I’m very proud to be in recovery. I have come so far in the last year and a half and it feels great. But I am not perfect. And neither is recovery. This past week I experienced one of those things they tell you in treatment and you’re like “yeah yeah..” cause you think you know more than your therapists.

I remember being in therapy and them talking a lot about how undereating often leads to binging or overeating later on and actually does more harm than good. Now I was a strict anorexic who thought I had total control over my eating and never really experienced this in real life. It became something I heard, but never listened to.

Until this week.

This week I was off work and had multiple friends come visit/stay with me on top of it being the holiday season. Naturally, my eating disorder got louder. One day, I had eaten a late lunch and wasn’t very hungry when my husband and friends were, so decided not to eat dinner at the same time as them. Which was really great intuitive eating to start with! But then my eating disorder turned it into an excuse NOT to eat dinner. Since I was already eating late, why not just skip the meal all together???
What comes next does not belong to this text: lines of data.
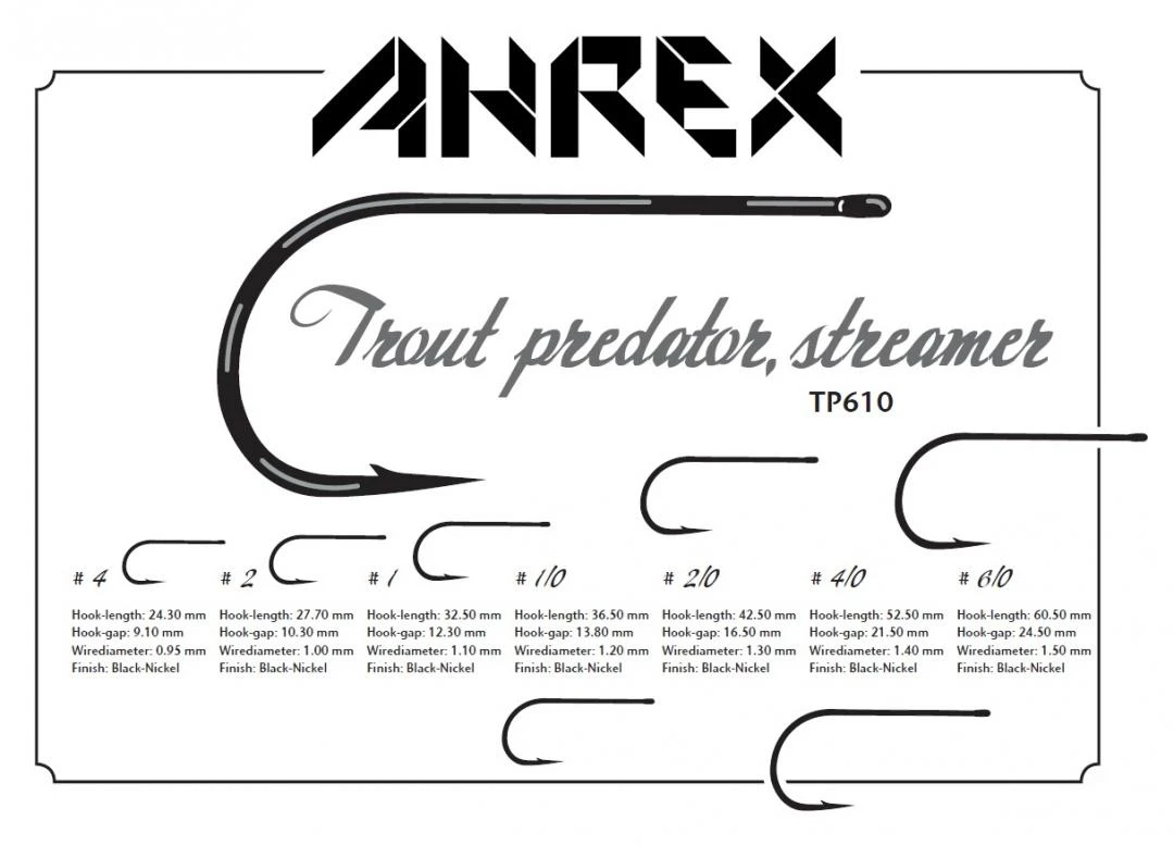 - Nu ook verkrijgbaar in een extra voordelige voordeelverpakking met alle 7 de maten. In totaal 80 Ahrex Trout Predator Streamer haken!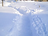 It was a sunny day. What do you think about this sidewalk? There were lots of animal trails, which looked like small animal.... Covered deep in 60-80cm high snow, was the sidewalk! There was only 20-60cm of trail to walk on.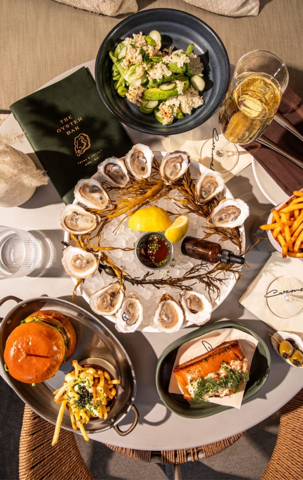 Carmel is a Wood-fire Seafood & Oyster Bar in the heart of Buckhead Village—a love letter to the coast, where the ocean breeze, the freedom, and the elements of the sea inspire every detail. In our dining room, a seafood-focused menu showcases bold, seasonal dishes artfully prepared over an open flame, while the intimate Oyster Bar captures the casual elegance of seaside dining with raw and grilled oysters, caviar service, and thoughtfully paired sips. Both experiences celebrate premium seafood and seasonal produce, inviting you on a journey to your favorite waterfront destination. Let the ocean breeze carry you away…

Well, as we were hanging out, my body began to send hunger cues. My eating disorder kept pushing off eating and pushing off eating until I was ravenous and realized I couldn’t do this all night. So I made some food. When that didn’t feel me up, I made more. Even then I wasn’t completely full so 2 hours later before I went to bed I ate more.

By the time I was done eating and feeling really shitty about myself, I realized that I ate WAYYYY more than I would have it I had just eaten dinner the first time my body signaled hunger. LIGHTBULB. That’s what they told me in therapy, dummy. Sometimes we actually have to experience something to believe it.

When your eating disorder gets loud, I challenge you to eat anyway when your body asks for food. Putting it off could truly lead to overeating which will just make you feel worse. Stay strong and remember, you are not perfect and neither is treatment/recovery and that is OK.